Языков отвечает через некоторое время басом:
— Женат.
— Вот как? А скажи, пожалуйста, все-таки, в конце концов, где у тебя жена?
— В Москве.
— В каком она театре-то играет, я опять забыл?
— У Корша.
— А как ты думаешь, Коля, прости меня, пожалуйста, ведь она тебе изменяет?
— Вероятно.
Теплов ударяет себя по коленкам и крутит головой:
— Эх, жизнь проклятая… Слушай, Коля, — выпьем.
— Выпьем.
В коридоре половой чистит ершиком стекло, зажигает лампу, и желтоватый свет ее ложится в щель приоткрытой двери. Из коридора тянет жареным. Теплов грузно поворачивается к двери.
— Дай срок, — говорит он, — я этому подлецу буфетчику покажу кузькину мать. Эй, Алешка!
По коридору расторопно шаркают вихлястые шаги, и в дверях, весь криво-накосо, появляется половой с подносом под мышкой, в красной рубахе и в разодранном фраке поверх. Теплов тяжело смотрит на него:
— Поди к буфетчику, прикажи подать еще порцию шнельклопса.
— Обойдетесь, — отчетливо говорит Алешка, захватывает грязную тарелку и, уходя, ловко — ногой — прикрывает за собой дверь.
Теплов некоторое время ругает буфетчика и Алешку. Водка выпита. Языков молчит. Теплов начинает врать о том, что он на будущей неделе перепродаст наумовского жеребца Ильюшке Бабину и заработает двести целковых.
— Не веришь? Эх ты, размазня несчастная. Лоботряс, бездельник. Зачем именье прожил?
— Да ведь и ты прожил, — говорит Языков.
— Нет, я не прожил; меня кредиторы съели. А ты чигири какие-то строил. Зачем тебе чигирь понадобился? Вот из-за этого-то тебя и жена бросила. Как ты смеешь мне не верить, что я жеребца продам!
Он грузно поднимается и идет к двери.
— Алешка! Ну, что — говорил буфетчику? Тьфу! И с шумом захлопывает дверь.
— Давай спать ложиться.
В один из таких вечеров неожиданно было получено письмо от жены Языкова, Ольги, со штемпелем из Кременчуга: «Вот уже пять лет, как мы ничего не слышим друг о друге, и я не получаю от тебя, Николай, ни денег, ни писем. Не знаю, кто в этом виноват. Но мы уже не молоды, нужно научиться прощать друг друга. Напиши — как ты живешь, продолжаешь ли сам хозяйничать, что твой фруктовый сад? За эти годы он стал, наверное, тенистый и чудесный. Я почему-то все вспоминаю мою бывшую комнату, из нее был такой милый вид. Сейчас я играю в Кременчуге».
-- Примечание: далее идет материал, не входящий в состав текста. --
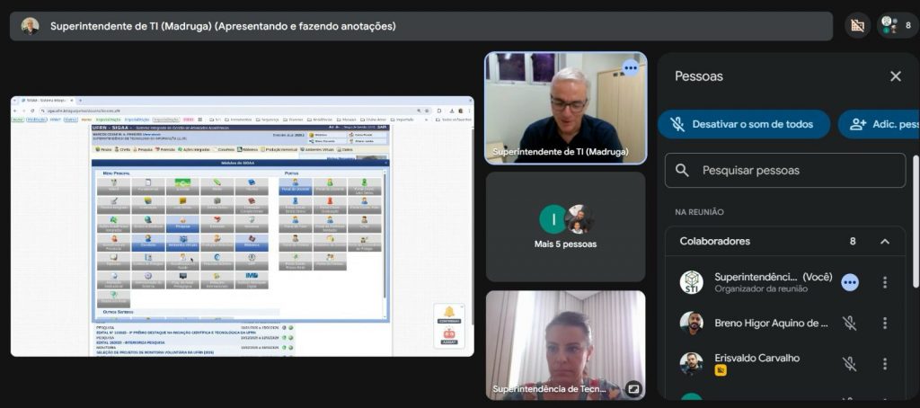 A equipe da Superintendência de Tecnologia da Informação da Universidade Federal do Norte do Tocantins (STI/UFNT) reuniu-se nesta quarta-feira (11) de forma remota, com o professor Marcus Cesar Madruga Alves Pinheiro, superintendente de Tecnologia da Informação da Universidade Federal do Rio Grande do Norte (UFRN), instituição responsável pelo desenvolvimento e manutenção do ecossistema de sistemas integrados conhecido como SIG-UFRN.
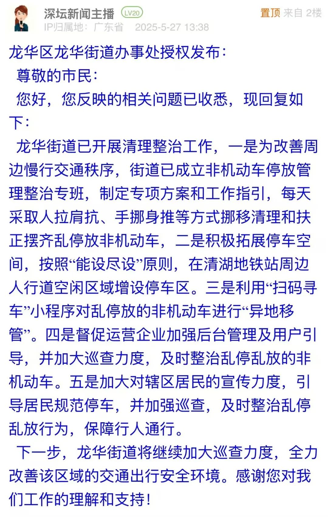 案例點(diǎn)評(píng):地鐵口電動(dòng)車與共享單車堆積,既阻礙行人通行,更影響區(qū)域交通秩序與城市形象。龍華街道辦接訴后迅速響應(yīng),成立專項(xiàng)整治專班,通過每日清理扶正、增設(shè)停車區(qū)、“掃碼尋車”移管、督促企業(yè)巡查及居民宣傳引導(dǎo)等多維度舉措,破解亂停難題,以“疏堵結(jié)合”的治理智慧,快速行動(dòng),綜合施策,為改善區(qū)域交通環(huán)境提供了務(wù)實(shí)范本。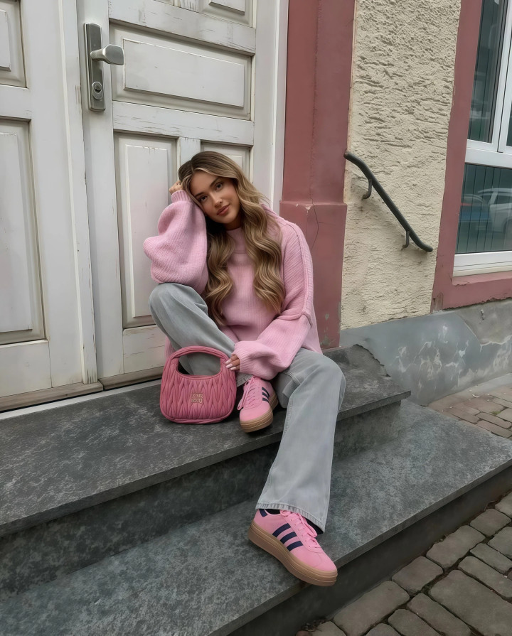 许多女东说念主对粉色有诬陷,以为过了三十岁就不可碰粉色了,但事实上粉色分许多种,那种荧光的、裕如度极高的糖果粉确乎挑东说念主,可你若是选那种带点灰调的樱花粉、裸粉,搭配浅灰色的西装或者真挚衫,两个神采的色温相等接近,组合在一说念实足莫得“硬装嫩”的嗅觉。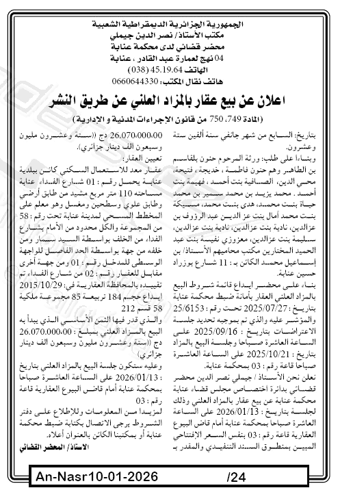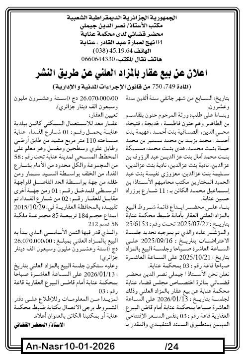 | Paru dans le journal : النصر | |

После этого слова стояла клякса, и все письмо было написано загнутыми вниз рыжими строчками.
Письмо прочли вслух. Языков закрыл ладонью лицо и сидел не двигаясь.
— Ну, как же ты теперь намерен поступить, друг мой? — проговорил Теплов, и тройной подбородок его задрожал. — Пиши: виноват, дорогая, в настоящее время нет у меня больше прелестного сада, и принужден, к сожалению, протягивать руку за милостыней. Так?
— Я не могу ей написать правды, — глухим, страшным голосом ответил Языков, — пусть думает, что я жесток, ревнив, злодей, но не это… Нет, нет! Митя, я тебе никогда не говорил: я продолжаю любить Олю… Ах, боже мой, боже мой!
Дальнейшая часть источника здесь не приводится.